Let's take a look at how ``autograd`` collects gradients. We create two tensors ``a`` and ``b`` with
``requires_grad=True``. This signals to ``autograd`` that every operation on them should be tracked.

In [1]:
import torch

a = torch.tensor([2., 3.], requires_grad=True)
b = torch.tensor([6., 4.], requires_grad=True)
print(a)
print(b)

tensor([2., 3.], requires_grad=True)
tensor([6., 4.], requires_grad=True)


We create another tensor Q from a and b.

Q=$3a^{3}$ - $b^{2}$

In [2]:
Q = 3*a**3 - b**2
print(Q)

tensor([-12.,  65.], grad_fn=<SubBackward0>)


In [3]:
external_grad = torch.tensor([1., 1.])
Q.backward(gradient=external_grad)

Gradients are now deposited in a.grad and b.grad

In [4]:
# check if collected gradients are correct
print(9*a**2 == a.grad)
print(-2*b == b.grad)

tensor([True, True])
tensor([True, True])


Conceptually, autograd keeps a record of data (tensors) & all executed operations (along with the resulting new tensors) in 
a directed acyclic graph (DAG) consisting of
<https://pytorch.org/docs/stable/autograd.html#torch.autograd.Function>
objects.

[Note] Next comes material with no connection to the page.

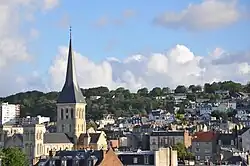 La ville haute fait partie du plateau cauchois : le quartier Dollemard est sa partie la plus élevée (entre 90 et 115 mètres d'altitude). Le plateau est recouvert d’une couche d’argile à silex et d'un limon fertile[8]. Le sous-sol est constitué d'une grande épaisseur de craie, pouvant mesurer jusqu’à 200 mètres de profondeur[9]. En raison de sa pente, la côte est affectée par un risque d'éboulements[10].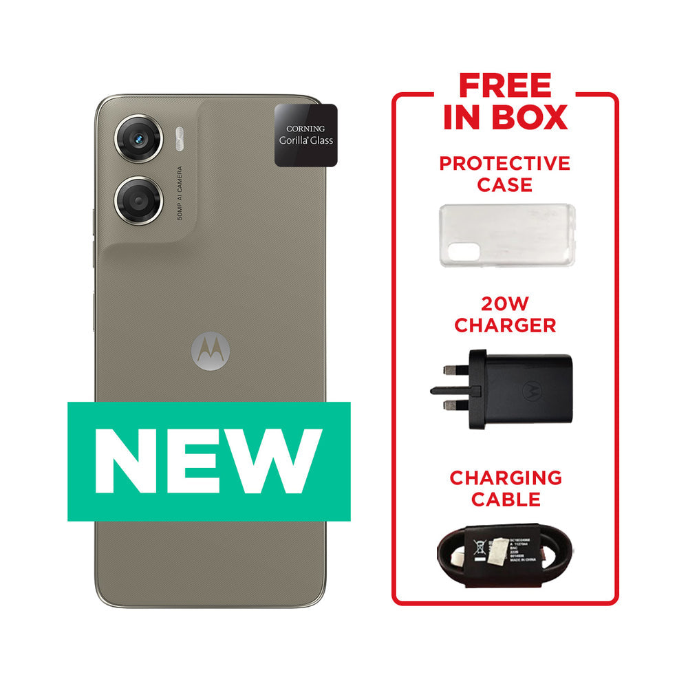 Included in box : FREE Motorola charger + FREE charging cable + FREE Motorola protective case.

In this DAG, leaves are the input tensors, roots are the output
tensors. By tracing this graph from roots to leaves, you can
automatically compute the gradients using the chain rule.

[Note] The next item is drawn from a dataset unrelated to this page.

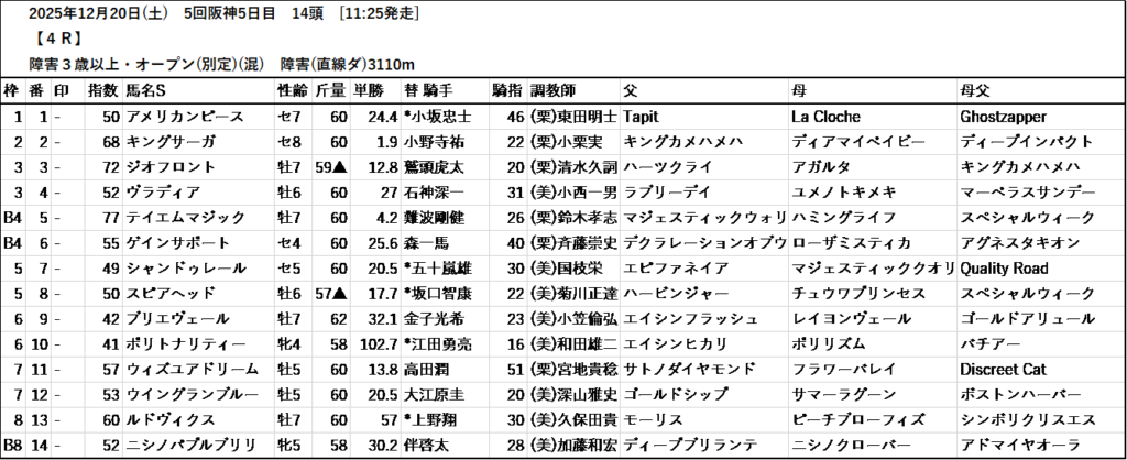 本日のテッパン馬は 1R・9R・11R・12R です。

**In a forward pass, autograd does two things simultaneously:**

- run the requested operation to compute a resulting tensor, and
- maintain the operation’s *gradient function* in the DAG.

**The backward pass kicks off when ``.backward()`` is called on the DAG
root. ``autograd`` then:**

- computes the gradients from each ``.grad_fn``,
- accumulates them in the respective tensor’s ``.grad`` attribute, and
- using the chain rule, propagates all the way to the leaf tensors.

In [5]:
x = torch.rand(5, 5)
y = torch.rand(5, 5)
z = torch.rand((5, 5), requires_grad=True)

a = x + y
print(f"Does `a` require gradients? : {a.requires_grad}")
b = x + z
print(f"Does `b` require gradients?: {b.requires_grad}")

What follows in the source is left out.